In June, personal consumption surged by 1.07% to $17.14 trillion, while personal income rose by 0.62% to $21.74 trillion. Excluding food and energy, consumption increased 0.85% to $14.98. Spending on durable goods rose 1.53% to $2.12 trillion, while spending on non-durable goods increased 1.68% to $3.81 trillion. Spending on services was 0.78% higher last month, coming in at $11.21 trillion.  

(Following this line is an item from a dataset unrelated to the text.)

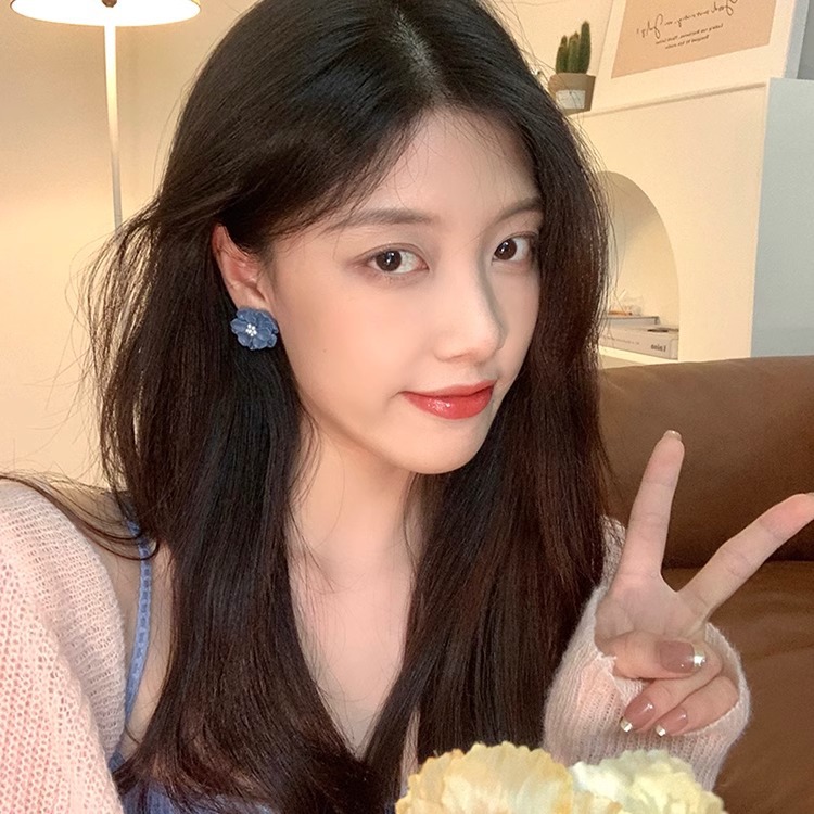 蓝色花朵耳环蚊香盘耳夹无洞高级感小众复古气质轻奢耳钉韩系耳饰

Consumer spending accelerated last month, largely fueled by soaring prices. The PCE price index saw its largest monthly increase in more than forty years—a whopping 1.0%—and rose by 6.8% on an annual basis. Of course, PCE inflation hitting its highest level since 1982 is hardly a surprise to anyone after the CPI print earlier this month. Energy prices were naturally responsible for a good portion of June’s worse-than-expected inflation; however, price pressures were broader than in previous months as well. Core prices rose 0.6% last month, doubling May’s increase of 0.3%. The annual rate of the Fed’s preferred inflation measurement increased from 4.7% to 4.8%, meaning that it is trending upwards again.  

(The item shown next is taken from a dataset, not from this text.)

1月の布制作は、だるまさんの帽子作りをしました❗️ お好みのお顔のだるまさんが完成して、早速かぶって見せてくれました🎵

Spending growth in real terms has decelerated drastically. Consumers are being squeezed by higher prices, with their inflation-adjusted incomes being eroded month after month despite some significant wage gains. Despite incomes rising by 0.6% last month, workers ended up taking a 0.3% pay cut in real terms. Even the significant savings that consumers built up during the pandemic are starting to evaporate. Personal savings declined to their lowest level since 2016 and the savings rate is at levels consistent with the 2008-2009 recession. This is very relevant given the most recent GDP print, which showed a 0.9% contraction. Consumer spending—the largest component of GDP by far—still managed to increase according to the latest advance estimate, but the annualized rate declined from 1.8% to 1.0%. With falling real incomes and dwindling savings, it is unclear how much longer consumers will be able to bear higher prices, and how much longer they will be able to continue driving whatever economic activity is left.